Failing over to the warm-standby

How to complete service failover in a 2DCDR deployment on Kubernetes, OpenShift, and Cloud Pak for Integration, for API Connect.

Before you begin

Ensure that you have read and understand the 2DCDR concepts and reviewed the failure scenarios that are described in Key concepts of 2DCDR and failure scenarios. Do not proceed with the failover operation until you confirm that failover is the correct course of action for your situation.

About this task

Be aware of the following important points:
  • The first step in the process is to convert the active data center to warm-standby. When the active data center is converted to warm-standby, all data is deleted from the active data center's management database, to be replaced by data that is copied from the warm-standby when it becomes active.

    Do not proceed with failover if you suspect the warm-standby data center also has problems, and you are unsure it has the most recent management data. See Verifying replication between data centers, and consider restoring your active site from backup instead of attempting a failover: Backup and restore requirements for a 2DCDR deployment.

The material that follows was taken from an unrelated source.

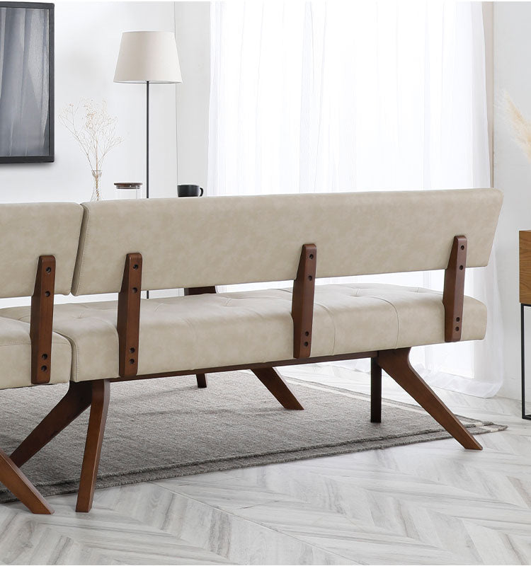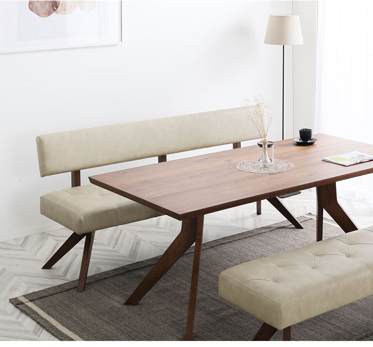 ダイニングチェア 幅180cm 背もたれ付き 座面高47cm 木脚 木製 PVC 食卓椅子 シンプル ナチュラル おしゃれ ウォールナット オーク 長椅子 ソファ リビング ダイニング 椅子 チェア(代引不可)

  • In all scenarios, an active-active configuration must be avoided. An active-active configuration is where the API Connect subsystems in both data centers are configured as active. This situation is commonly known as a split-brain. An active-active configuration means that the subsystem databases in each data center diverge from each other, and two management subsystems are both attempting to manage the other API Connect subsystems.
  • If the active data center failure prevents you from converting it to warm-standby, then you must disable the network connectivity to and from the failed management and portal subsystems on this data center, to prevent an accidental active-active situation if your failed data center recovers unexpectedly.
  • If you are doing an operational failover, the process causes a temporary management and portal UI outage, until the new warm-standby completes the conversion to active.
Note: For OpenShift users: The steps that are detailed in this topic use the Kubernetes kubectl command. On OpenShift, use the equivalent oc command in its place. If you are using a top-level CR you must edit the multiSiteHA section for the subsystem in the top-level CR, instead of directly in the subsystem CRs.

Procedure

  • Management subsystem failover

    In these example steps, DC1 is the active data center and DC2 is the warm-standby data center.

    To complete a failover from DC1 to DC2, you first set DC1 to warm-standby before you set DC2 to active. This order is required to prevent an active-active situation.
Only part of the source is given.